REQUIRED WORK:
Write out only the lines from the top of the listing below through the one with "86,5x114x654. Vierschübig gebrochen", exactly as they stand, while keeping pictures out of the copy.
DATA SHOWN START
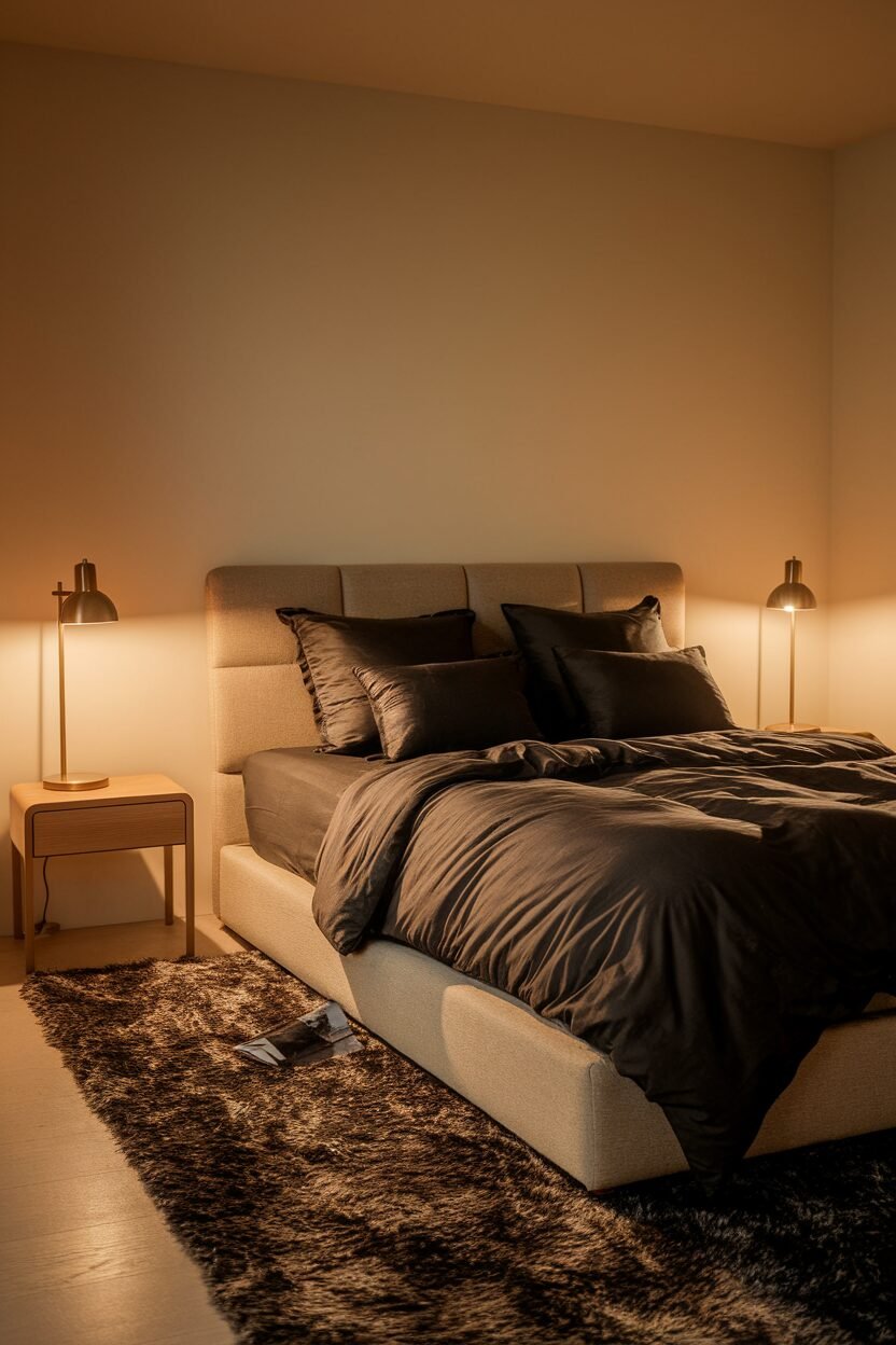 Warm beige brings a cozy, earthy tone to your bedroom. It’s like wrapping yourself in a soft blanket, making your space feel inviting and relaxing.
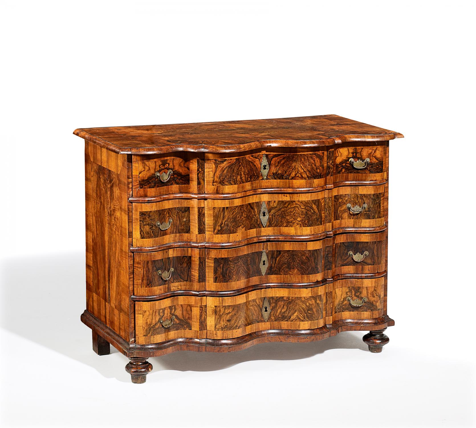 86,5x114x654. Vierschübig gebrochen geschweifter Korpus. Kommode. Zustand B/C.
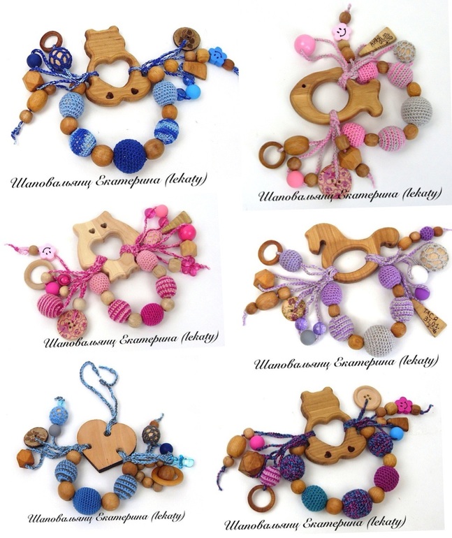 Материалы: деревянные заготовки, хлопковая пряжа, деревянные бусины различной обвязки, от гладких до фактурных, силиконовые бусины, акриловые, деревянные/кокосовые пуговки.
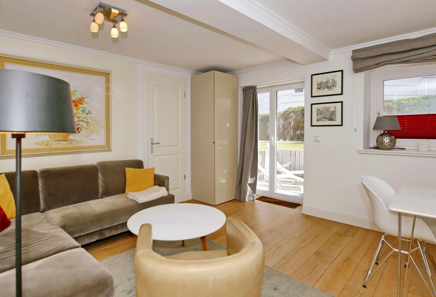 Der Wohn- und Schlafraum ist mit einem edlen Eichen-Parkettboden ausgestattet. In der gesamten Ferienwohnung sorgt eine Fußbodenheizung für wohlige Wärme. Vor der Couch sorgt ein Teppich zusätzlich für Gemütlichkeit.
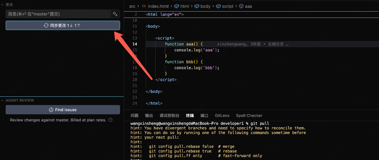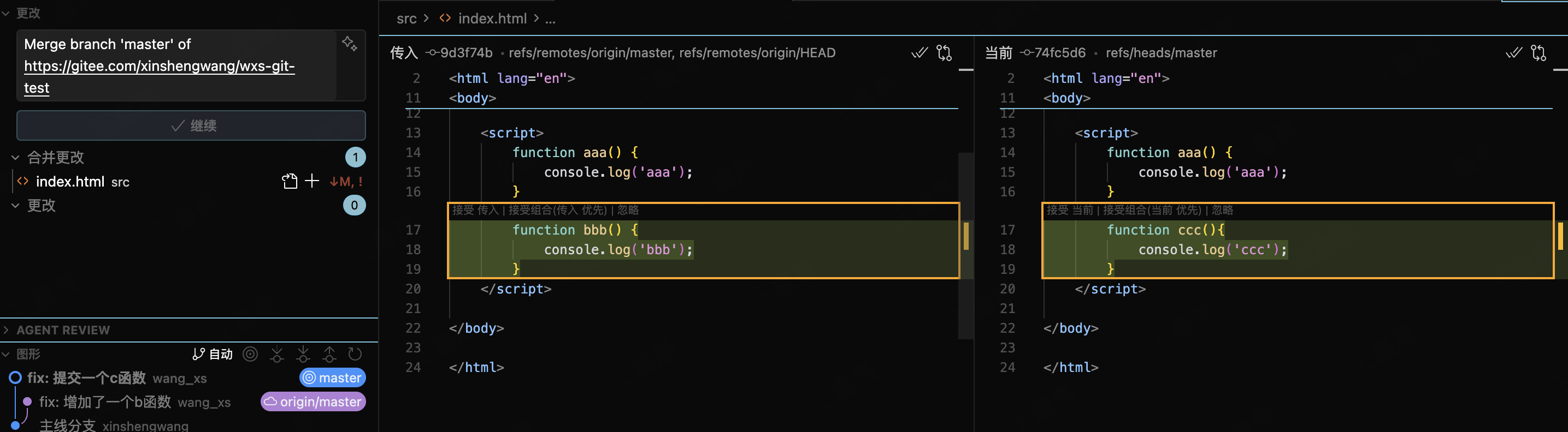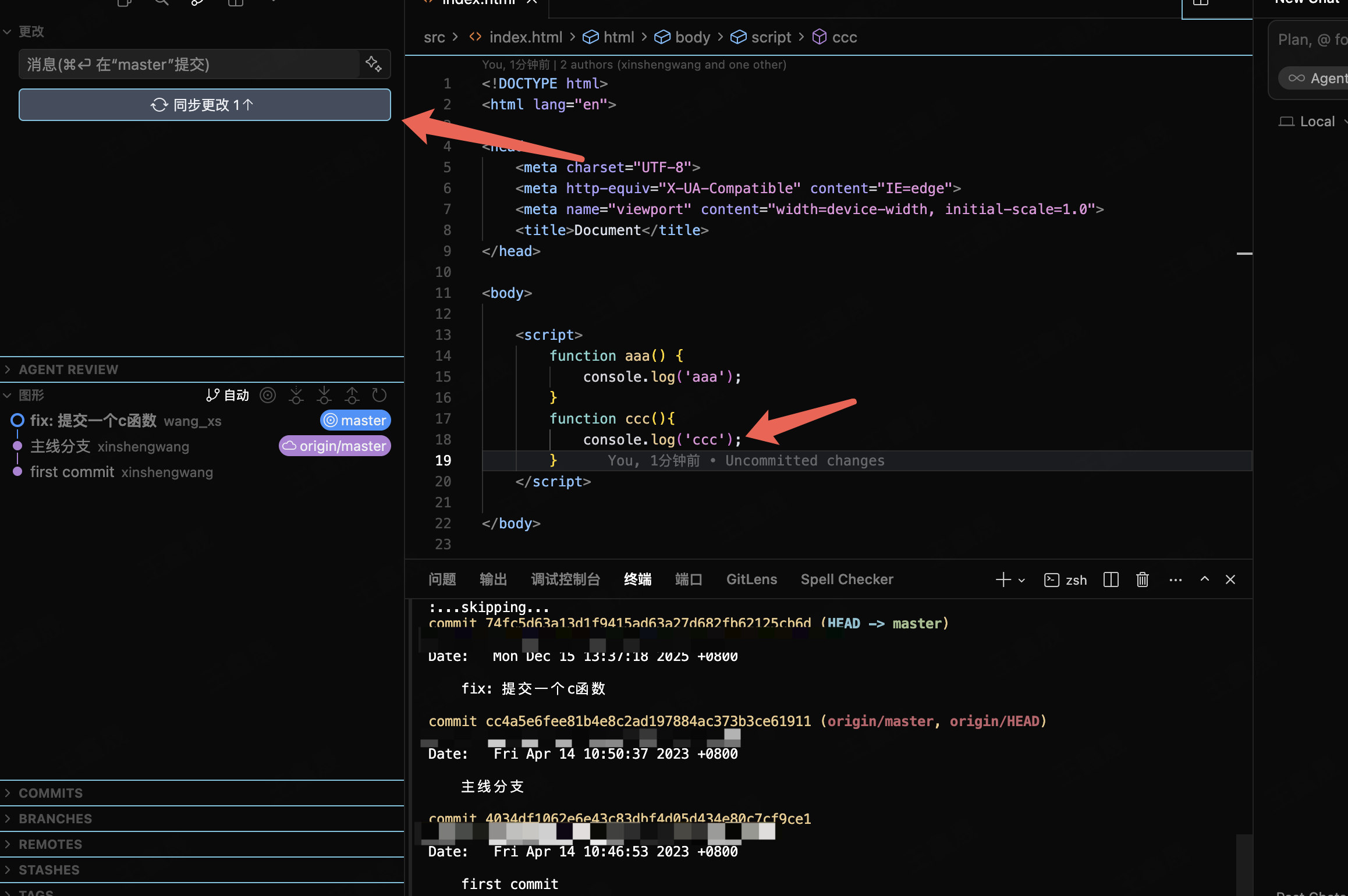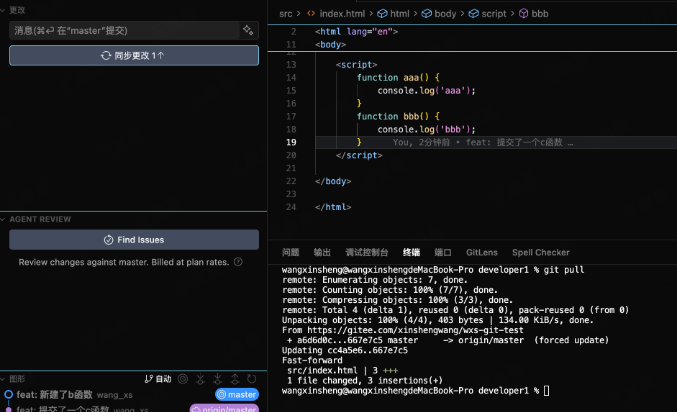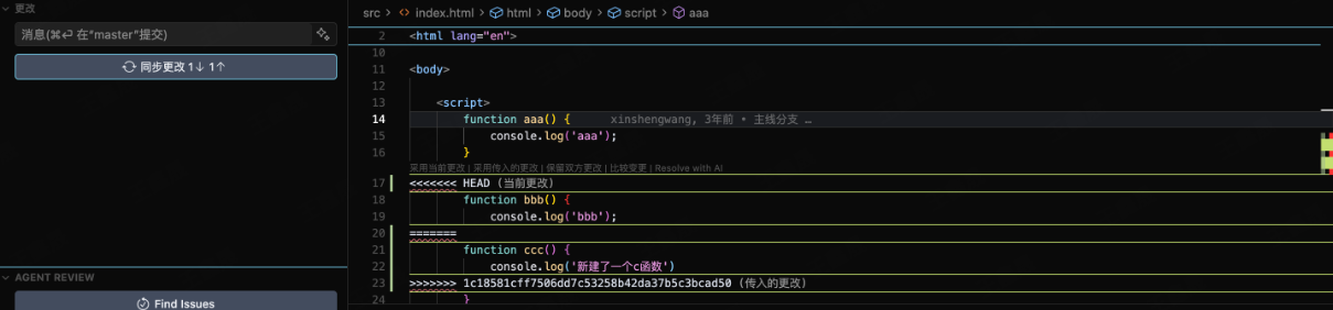 假设小王新建了ccc函数&推送到了远端
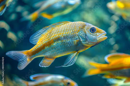 Freshwater fish swim underwater. By looking from the side.
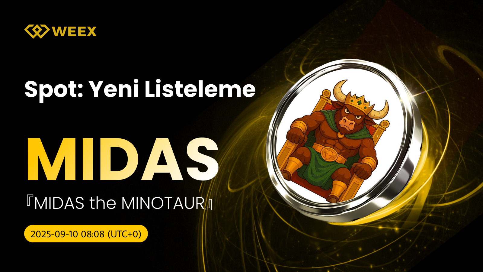 Midas the Minotaur'un MIDAS the MINOTAUR (MIDAS) artık WEEX spot ticaret piyasasında resmi olarak satışa sunulduğunu duyurmaktan mutluluk duyuyoruz! Bundan böyle, MIDAS/USDT ile kolayca işlem yapabilirsiniz. İşte daha fazla ayrıntı:
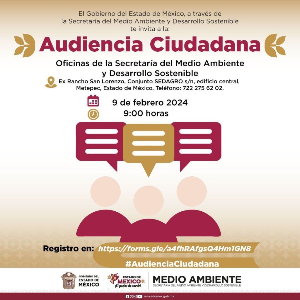 La Audiencia Ciudadana se llevará a cabo el viernes 09 de febrero próximo en las instalaciones de la dependencia, ubicadas en Ex Rancho San Lorenzo, Conjunto SEDAGRO s/n, Edificio Central planta alta, en el municipio de Metepec, Estado de México. Las personas interesadas en asistir podrán realizar su registro para ser incluidas en: https://forms.gle/a4fhRAfgsQ4Hm1GN8.
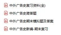 今天分享的资料是「0415-中外广告史新编」电子版+学习笔记+知识点总结+期末考试重点+复习资料+习题集及答案+名词解释+历年真题试卷及答案+题库及答案+复习重点+思考题及参考答案+公式总结+考试重点基础题+知识总结+高清PDF可打印+免费分享!
DATA SHOWN END
SOLUTION TO THIS PROBLEM:
 Warm beige brings a cozy, earthy tone to your bedroom. It’s like wrapping yourself in a soft blanket, making your space feel inviting and relaxing.
 86,5x114x654. Vierschübig gebrochen geschweifter Korpus. Kommode. Zustand B/C.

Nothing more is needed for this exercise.